Data for processing:

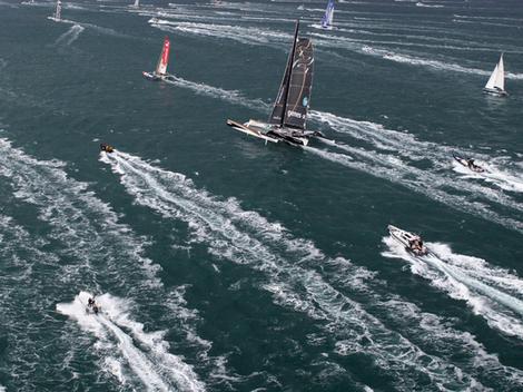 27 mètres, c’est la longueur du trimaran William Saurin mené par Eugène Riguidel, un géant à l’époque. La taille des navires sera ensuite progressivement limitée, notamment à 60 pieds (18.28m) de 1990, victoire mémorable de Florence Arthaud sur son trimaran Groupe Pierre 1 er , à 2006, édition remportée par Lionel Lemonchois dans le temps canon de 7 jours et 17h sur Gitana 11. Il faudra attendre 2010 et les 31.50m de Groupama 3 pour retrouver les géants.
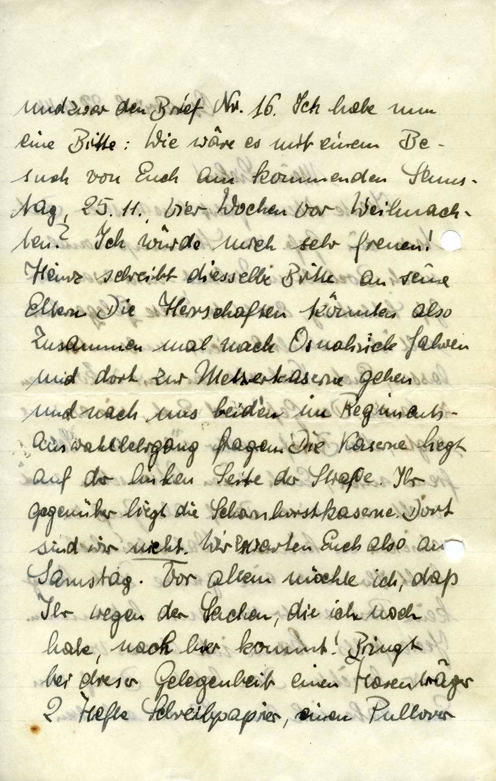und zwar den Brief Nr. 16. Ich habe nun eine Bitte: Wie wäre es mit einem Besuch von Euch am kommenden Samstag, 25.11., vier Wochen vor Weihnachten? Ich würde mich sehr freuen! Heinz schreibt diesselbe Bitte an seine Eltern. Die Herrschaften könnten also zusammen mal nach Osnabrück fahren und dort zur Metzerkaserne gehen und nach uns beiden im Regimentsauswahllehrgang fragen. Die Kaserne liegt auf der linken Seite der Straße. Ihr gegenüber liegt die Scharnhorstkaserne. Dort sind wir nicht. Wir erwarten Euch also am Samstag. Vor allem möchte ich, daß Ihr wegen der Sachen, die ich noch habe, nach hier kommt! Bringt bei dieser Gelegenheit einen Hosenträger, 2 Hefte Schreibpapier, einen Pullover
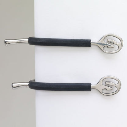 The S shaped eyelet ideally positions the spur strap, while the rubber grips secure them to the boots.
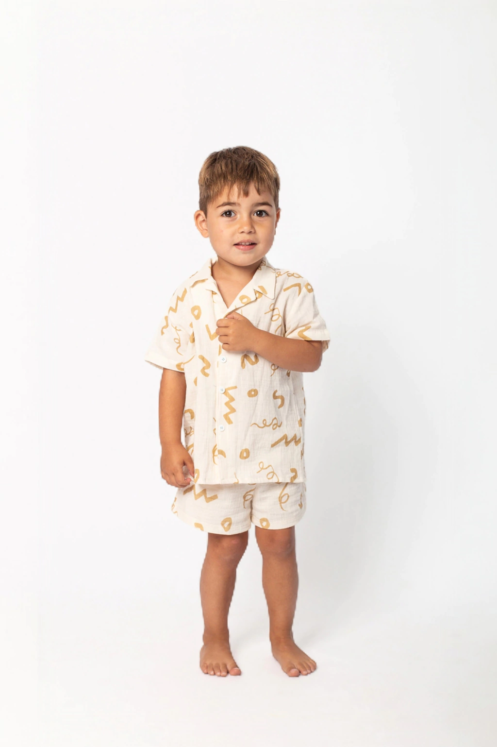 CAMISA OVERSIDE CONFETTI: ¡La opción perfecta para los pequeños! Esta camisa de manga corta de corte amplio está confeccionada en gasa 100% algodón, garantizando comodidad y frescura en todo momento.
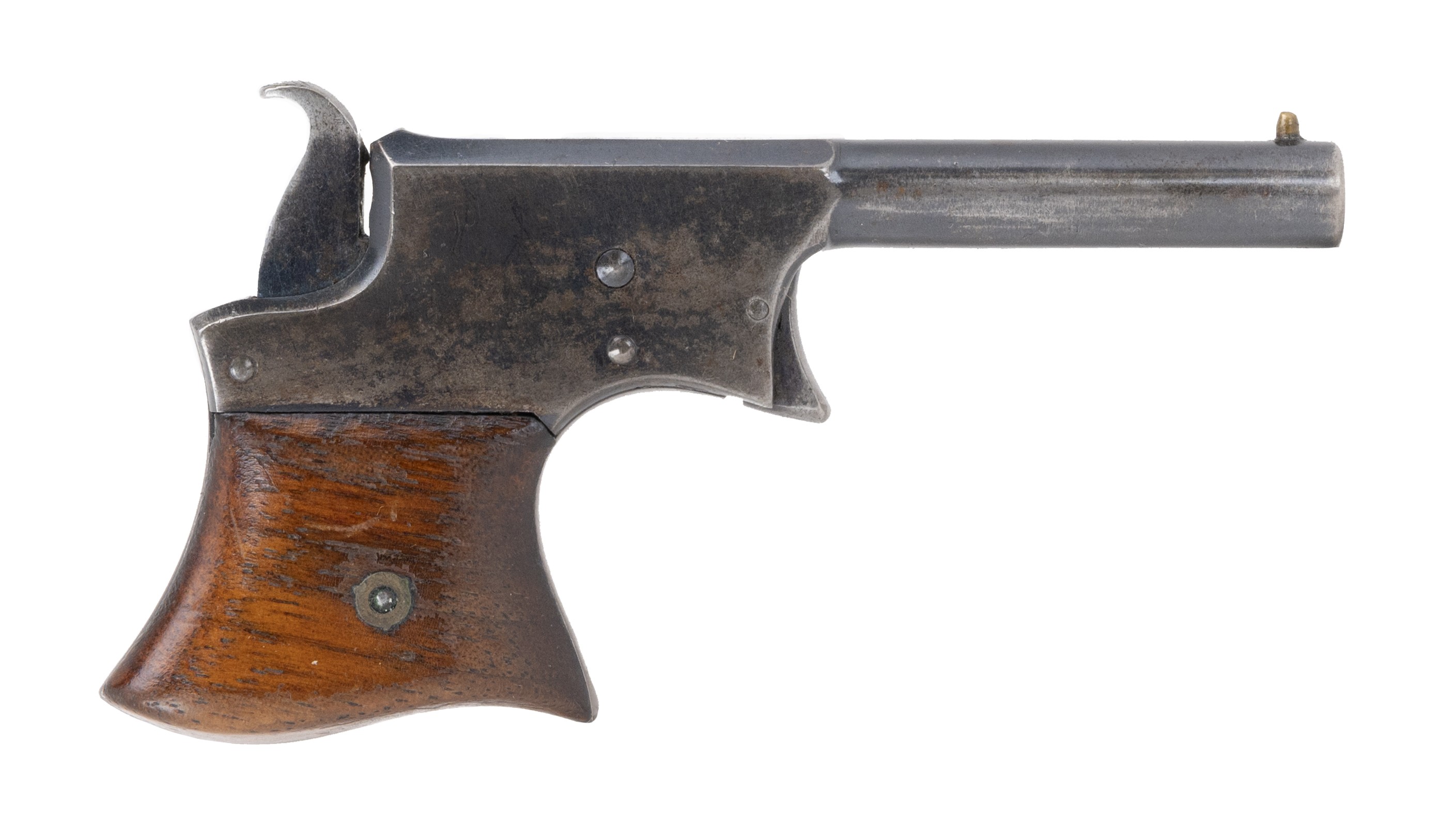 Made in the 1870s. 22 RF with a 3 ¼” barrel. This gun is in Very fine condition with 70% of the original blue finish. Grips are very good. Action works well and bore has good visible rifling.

Requirement:
Give back exactly the lines from the one with "The S shaped" through the end of the records above, inclusive, and omit any pictures.

Result:
 The S shaped eyelet ideally positions the spur strap, while the rubber grips secure them to the boots.
 CAMISA OVERSIDE CONFETTI: ¡La opción perfecta para los pequeños! Esta camisa de manga corta de corte amplio está confeccionada en gasa 100% algodón, garantizando comodidad y frescura en todo momento.
 Made in the 1870s. 22 RF with a 3 ¼” barrel. This gun is in Very fine condition with 70% of the original blue finish. Grips are very good. Action works well and bore has good visible rifling.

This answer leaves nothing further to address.